─── INFORMATION GIVEN ───

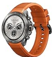
GS Explorer S Ti

To unlock the full potential of your Mibro GS Pro2, download the official Mibro Fit App from your smartphone's app store (compatible with iOS 13.0 and above, and Android 9.0 and above). Follow the in-app instructions to pair your watch via Bluetooth. This enables data synchronization, notification management, and personalized training plans.
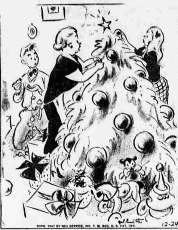
"Your father grumbles about all the fuss we go to, but be sure to put his presents out in front so he won't knock the tree down getting to them!"
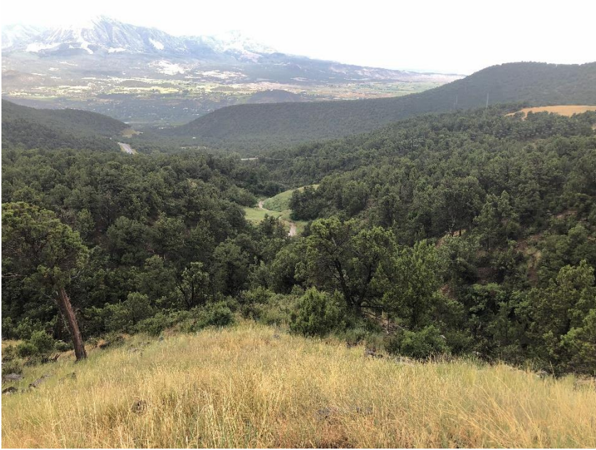
Reclaimed Ponds 3 and 4 at East Mine
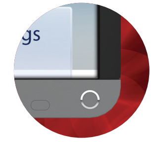
All-new, modern curved corner design with an elegant gun metal finish and thin metal stand

Display the small screen content on the big screen quickly and easily
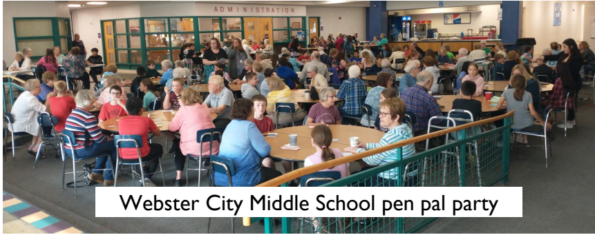
Webster City Middle School pen pal party
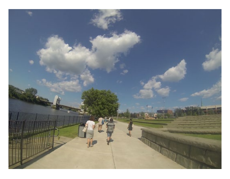
Figure 4. Participants listening to local mythology as they walk along the river as part of the Riverfront Park Soundwalk (Summer 2016).

The final restructured version of the Riverfront Park Soundwalk also overall gave long-term residents who participated in the soundwalk a refreshed connection to the river: "Informative, ended at a perfect location—the water fountain—on a hot day. I enjoyed hearing some of the history and context of the river that I have walked along for the past ten years, and deeply moved by its native mythology." This participant said "Yes" to feeling more connected to this particular environment due to the soundwalk, and the memory of the Native American tribes person jumping off of the falls will be remembered at every visit to the river.<sup>5</sup>
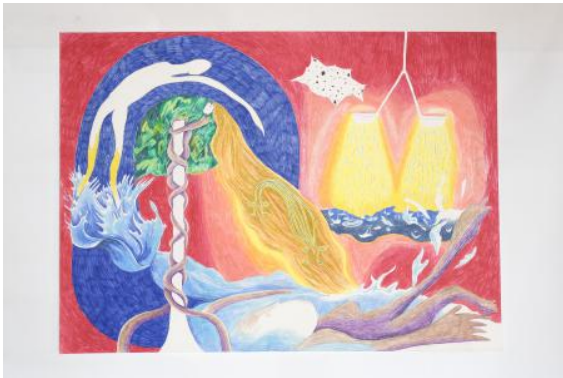
untitled, 2024 colour pencil on paper, 118.9 x 84 cm
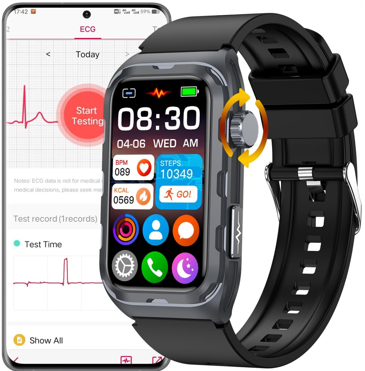
Image 1.1: DigiKuber Smartwatch TK79 with accompanying app interface.
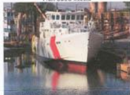
Launch of USCGC William Flores

Additional information about these Coast Guard heroes can be found at http://coastguard.dodlive.mil/2010/10/coast-guard-heroes/ .
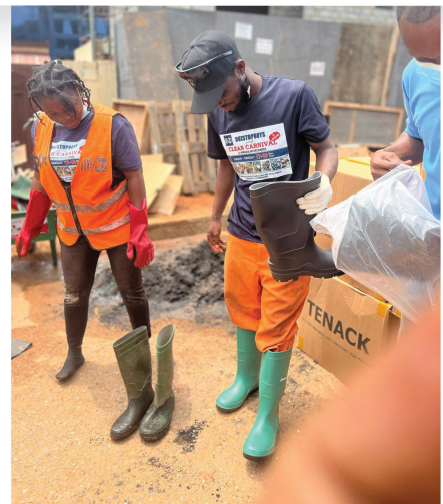
Donation to Buzstopboys
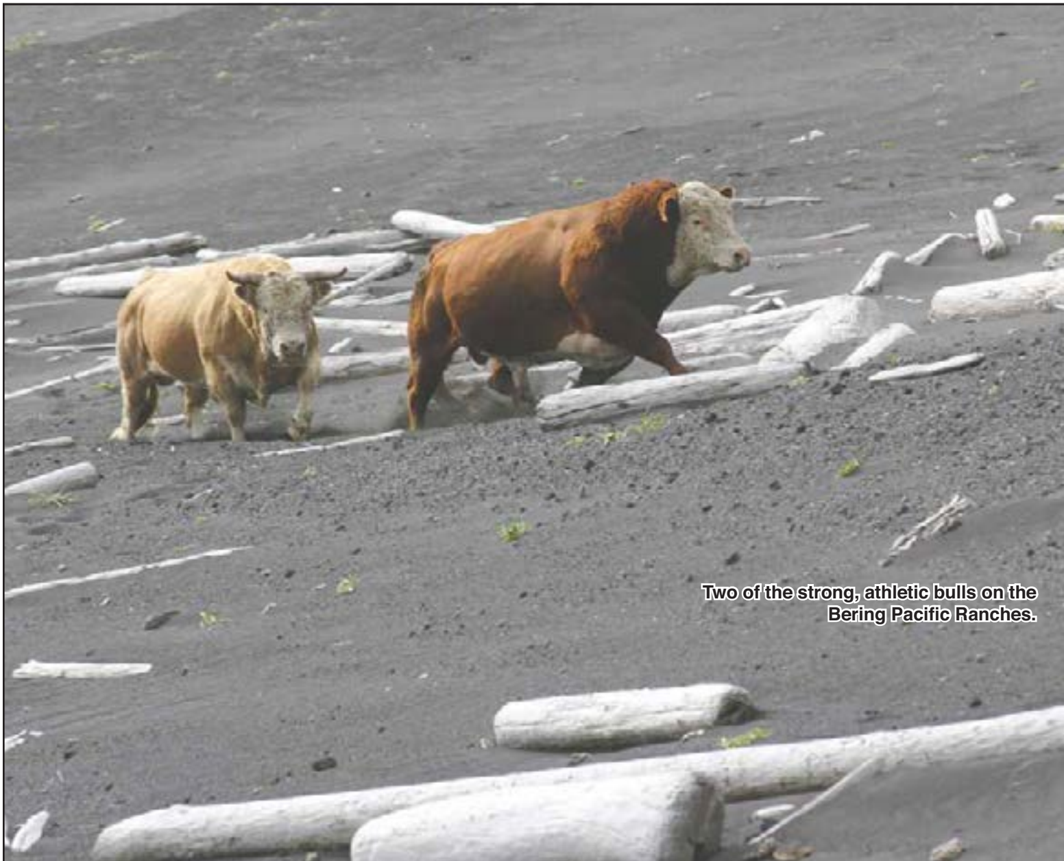
Two of the strong, athletic bulls on the Bering Pacific Ranches.
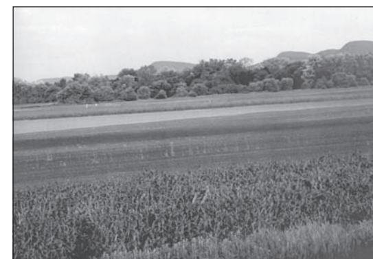
The Great Meadow.

The fact that this historic area has been farmed continuously for more than 350 years is a testimony to the good stewardship of the landowners and farmers who tend to the land. However, the future of Great Meadow may be in jeopardy. For the first time, some of this land is being valued more for its development potential than for farming. The Kestrel Trust is concerned that
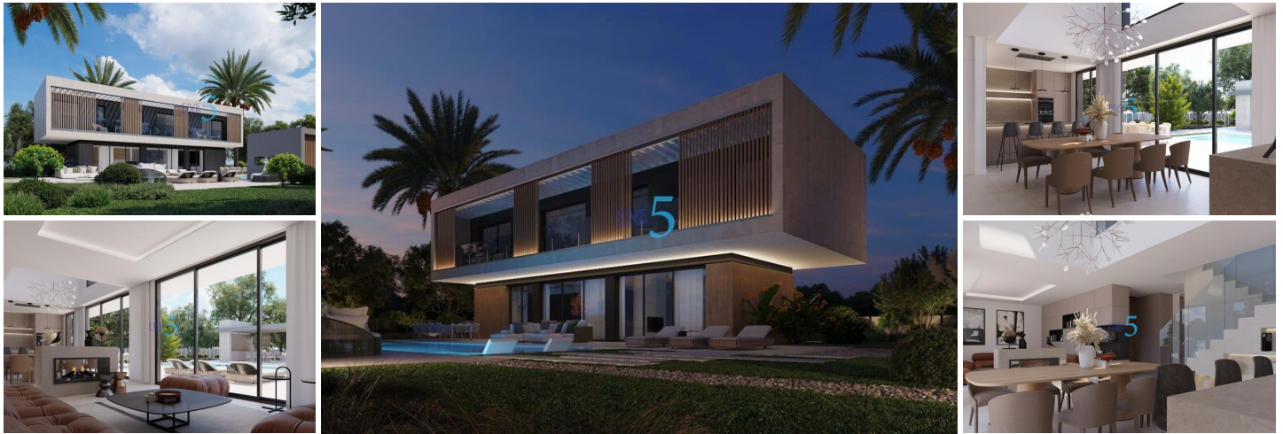
NEW BUILD VILLA IN JAVEA
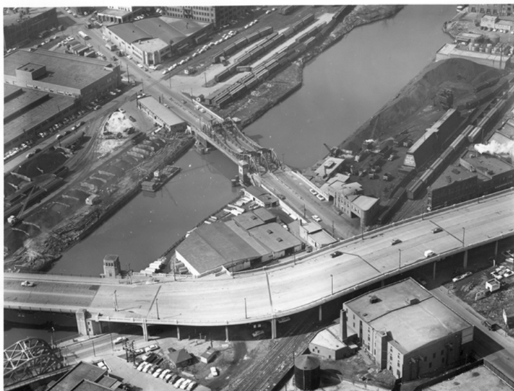
The East Division Street Bridge, shown here in 1956, had been in operation since its construction in 1903.

This spring, the East Division Street Bridge over the North Branch Canal in Chicago was spared seven months of daily repairs due to the innovative thinking and quick work of the Federal Highway Administration (FHWA), the Chicago Department of Transportation (CDOT), the Illinois Department of Transportation (IDOT), the State Historic Preservation Office (SHPO), and the United States Coast Guard (USCG). The East Division Street Bridge, one of Chicago's 44 historic and iconic bascule-style lift bridges, was built in 1903 and, by this spring, bore serious structural problems and could support only five-ton vehicles—preventing even ambulances or fire trucks from crossing. At the same time, the bridge carried an average of 20,000 vehicles per day and provided a vital connection in the West Loop area of downtown Chicago, so the city could not risk the impacts to traffic that would result from a prolonged closure. CDOT and IDOT originally began working with USCG to secure National Environmental Policy Act (NEPA) approval. By transferring lead agency status from USCG to FHWA and expediting interagency coordination, these agencies shortened the environmental review process by seven months.
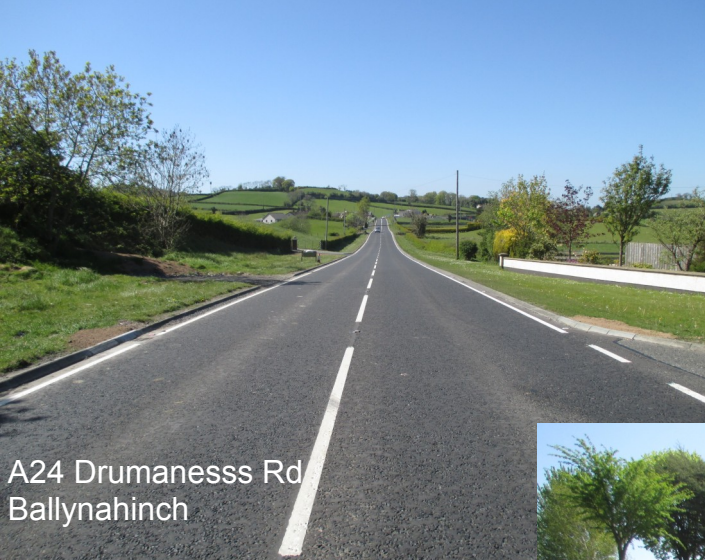
A24 Drumaness Rd Ballynahinch
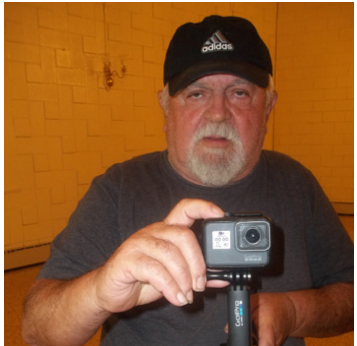
If it moves, Miro will videotape it.

Well done everyone!! See you all next month Happy filmmaking everyone.
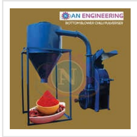
Chilli Bottom Blower Pulveriser
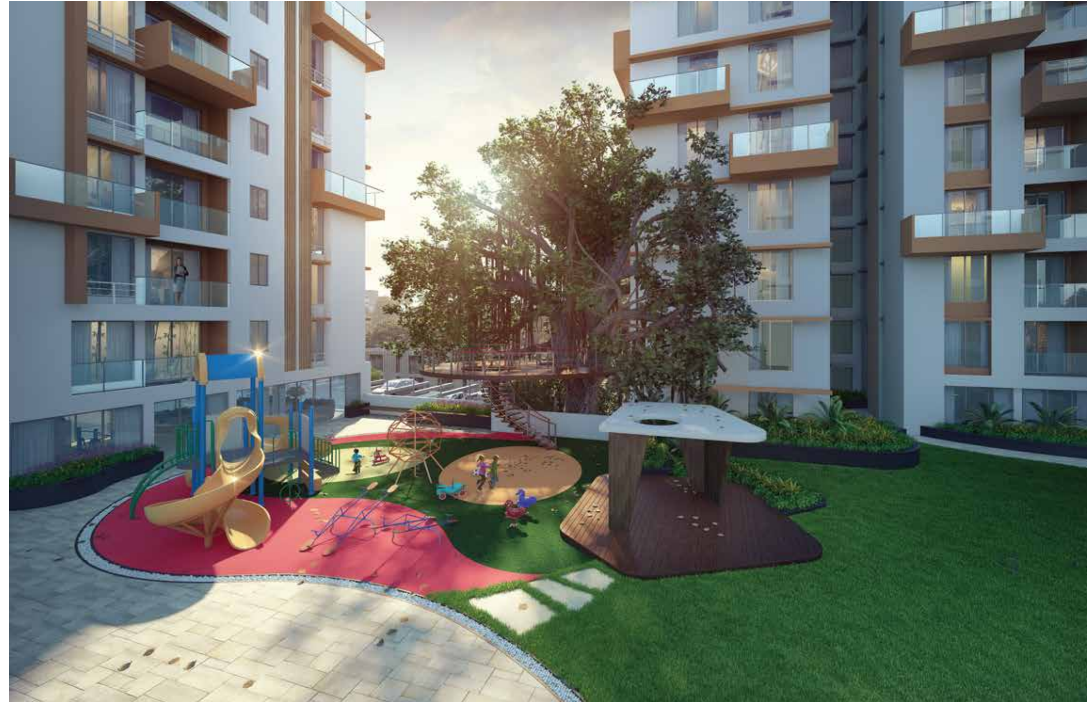
Central landscaped zone with Kid's play area
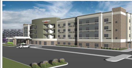
3 Courtyard by Marriott 124 Rooms Opening Fall 2016
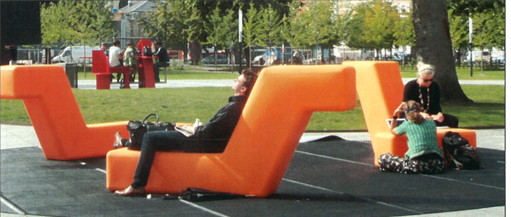
Interactive Sculptural Elements
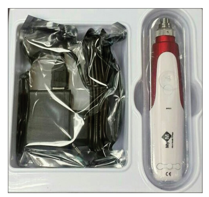
Figure 3: Dermapen with battery charger

DermaFrac treatment is a newer modification of microneedling combining microdermabrasion, microneedling, simultaneous deep tissue serum infusion, and light emitting diode (LED) therapy. DermaFrac treatments target aging and sun damaged skin, acne, enlarged pores, uneven skin tone, wrinkles,
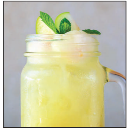
ROSEWATER WITH LYCHEE..... $7.5
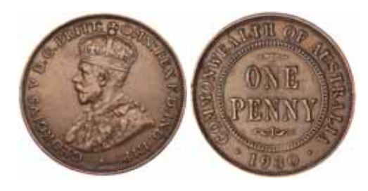
1687* George V , 1930, Indian die. Obverse with fault at 6 o'clock, nearly very fine and rare. $17,500
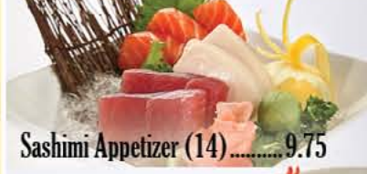
Sashimi Appetizer (14) ..... 9.75
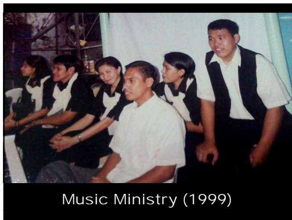
Music Ministry (1999)
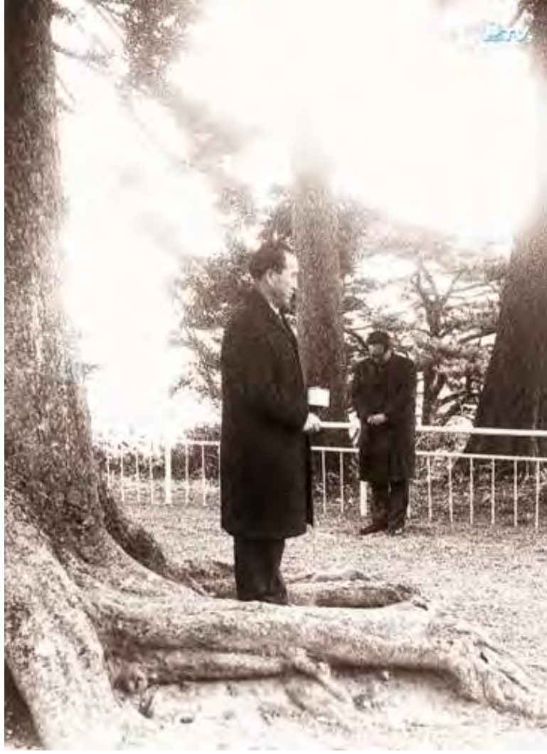
The Founding of Sunhwa Academy January 30, 1976, Seoul, Korea

Sunhwa Academy was founded at 25-beonji Neung-dong, Seongdong Borough, Seoul on January 30, 1976. Thanks to the establishment of the school corporation, Sunhwa Academy, Little Angels Arts School, was able to gain a stable foundation for management. On February 8 of the next year, the first class of Little Angels Arts School graduated, and its name was changed to Sunhwa Arts School on the 16th of the same month. Sunhwa Arts High School was established the following March 4 and it has now nested itself in the society as the mecca of arts education with forty years of history.
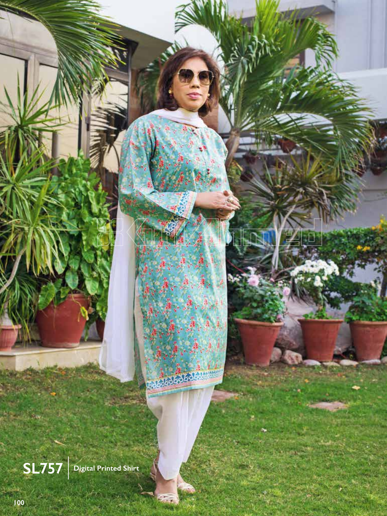
SL757 | Digital Printed Shirt
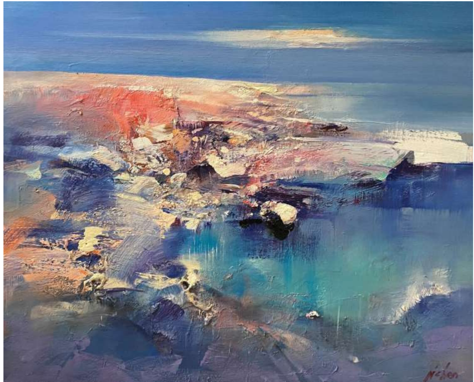
Ji Chen, Seaside meditation 2020 oil on canvas 70cm x 80cm $5,500
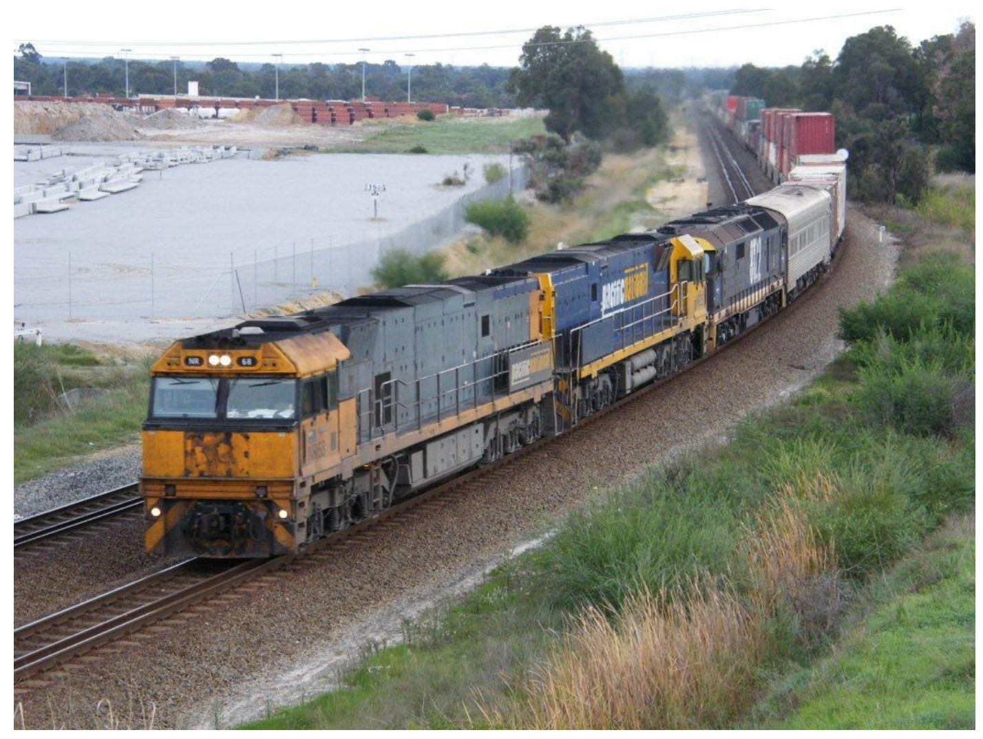
NR68, NR29 with dead attached 8122 on 5MP5 intermodal about to go under Kalamunda Road Bridge at South Guildford on June 20th.

DBZ2313 re-railed after derailing on loop at Yornaning ran 1376 light engine movement from Avon Yard to Forrestfield with AB1503 and AB1501 on June 27th.

───

From the material given, work out how many lines hold the string "Figure"; state that number and nothing further.

2